Asylum for the Insane
London, Ont.,1
24 Dec 18882

Yours of 213 containing Mrs O'Connor's4 letter this moment to hand (noon Monday). O'C.5 has wonderful grit and will make a hard fight yet—We will continue to wish him God speed and ourselves hope for the best. Poor Mrs O'C. too, what noble courage and determination she has! She is as grand as he is, as grand as any.6 Wm Gurd7 is here, arrived yesterday without letter or warning, just walked in. All seems to be going on as it should with the meter but slow, slow,—We propose now to make it safe in Canada and western Europe and then proceed to Philadelphia to lay it before experts and capitalists—perhaps establish a Co. to manufacture. I cannot tell how long it may take us yet to get to Phila but I think we ought to be there in the course of January. I trust to find you in good shape then. Nesbit8 (the other partner) will likely to be here very soon after Xmas we shall then settle on our immediate course

A lovely bright warm day. Would rather however have snow, sleighing and cold at Xmas time

A good Xmas and Love to you
R M Bucke

Richard Maurice Bucke (1837–1902) was a Canadian physician and psychiatrist who grew close to Whitman after reading Leaves of Grass in 1867 (and later memorizing it) and meeting the poet in Camden a decade later. Even before meeting Whitman, Bucke claimed in 1872 that a reading of Leaves of Grass led him to experience "cosmic consciousness" and an overwhelming sense of epiphany. Bucke became the poet's first biographer with Walt Whitman (Philadelphia: David McKay, 1883), and he later served as one of his medical advisors and literary executors. For more on the relationship of Bucke and Whitman, see Howard Nelson, "Bucke, Richard Maurice," Walt Whitman: An Encyclopedia, ed. J.R. LeMaster and Donald D. Kummings (New York: Garland Publishing, 1998).

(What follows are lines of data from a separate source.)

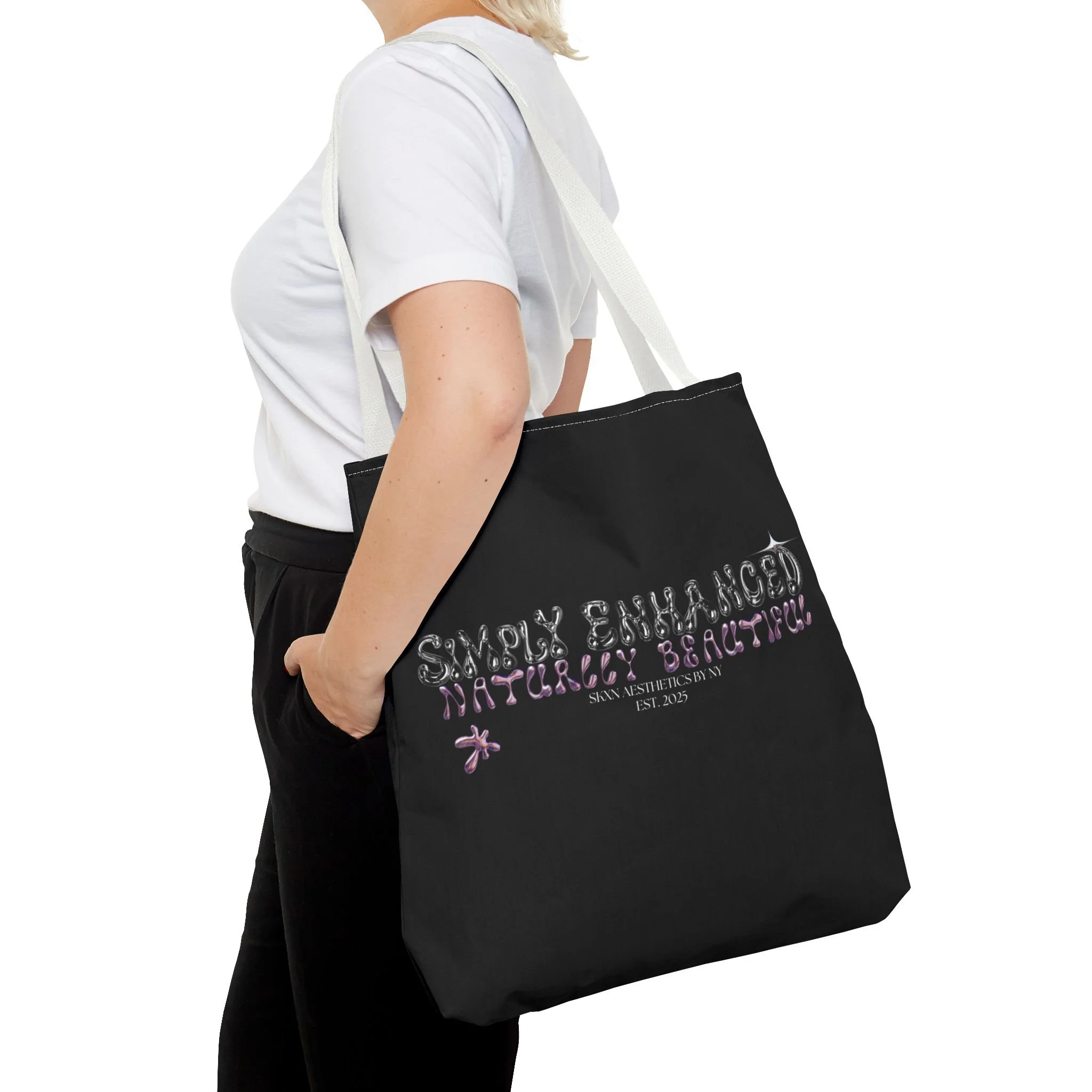 Introducing our stylish Tote Bag, designed to bring a touch of flair to your everyday life. This eye-catching bag combines functionality with a modern aesthetic, making it the perfect accessory for anyone on the go. Whether you’re heading to the farmers market, a casual outing, or gearing up for a beach day, this tote fits seamlessly into your lifestyle. It's a great gift for environmentally conscious friends, students, or busy professionals looking for a chic way to carry their essentials. Ideal for holidays like Earth Day, back-to-school season, or as a thoughtful gift for birthdays and celebrations. Embrace practicality without sacrificing style! Product features - 100% Polyester body for strength and durability - Seamless thread color for a polished look - Reinforced stitching on handles for added longevity - Boxed corners provide extra space for storage - Available in three sizes with five color handle options Care instructions - Remove all items from the bag before cleaning. Suggested to pretreat visible stains with stain remover. Mix warm water with laundry detergent and clean the bag with terry washcloth or a soft bristle brush. Let the bag air dry.
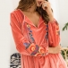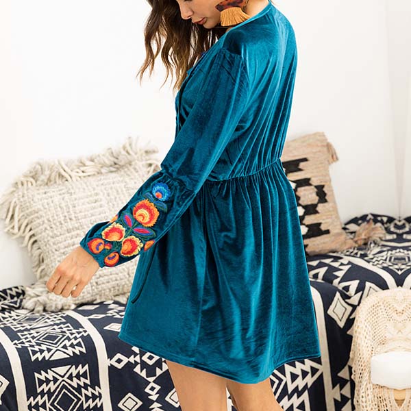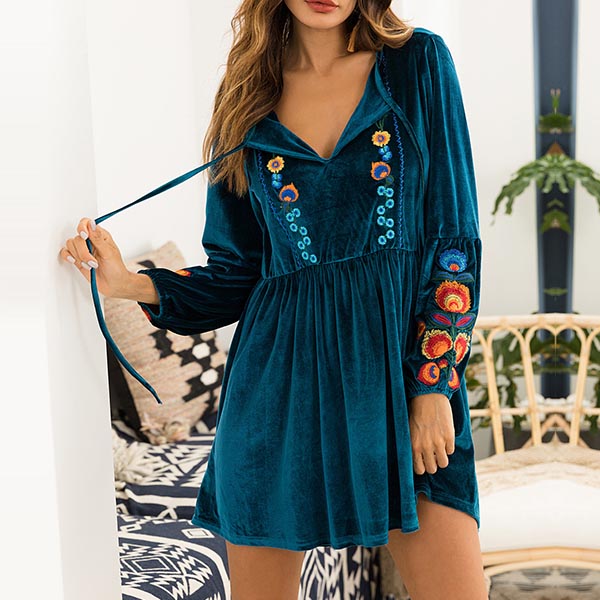 The v-neck and embroidered details will boost the charm of this dress,while the soft and breathable fabric can
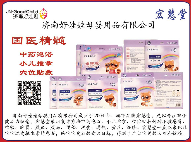 濟南好娃娃母嬰用品有限公司成立于2004年,旗下品牌宏慧堂,是以專注孩子健康理念,宏慧堂采用復方療法中藥泡浴、小兒推拿。穴位貼敷針對小兒感冒、咳嗽、脾胃、腹痛、腹瀉、便秘、厭食、退熱、黃疸、濕疹。宏慧堂一直以來以讓寶寶遠離抗生素的危害,為寶寶更好的愛為目標,得到了廣大寶媽的認可和信賴!

1. This letter is addressed: Walt Whitman | 328 Mickle Street | Camden | New Jersey U.S.A. It is postmarked: London | PM | DE 24 | 88 | Canada; Camden [illegible] | Dec | 2 [illegible] | 6 AM | [illegible] | Rec'd. [back]

2. Letters for December 24 and 26, 1888, are currently missing. From the surviving evidence it is possible to reconstruct the general nature of these letters.

On December 27, 1888, Whitman wrote Bucke: "have rec'd yours of 24th, & note carefully what you say of food, alcohol, &c, and of the effete wretchedness—all thoroughly judged & true, & shall charge myself practically with it—certainly so—& glad to get it."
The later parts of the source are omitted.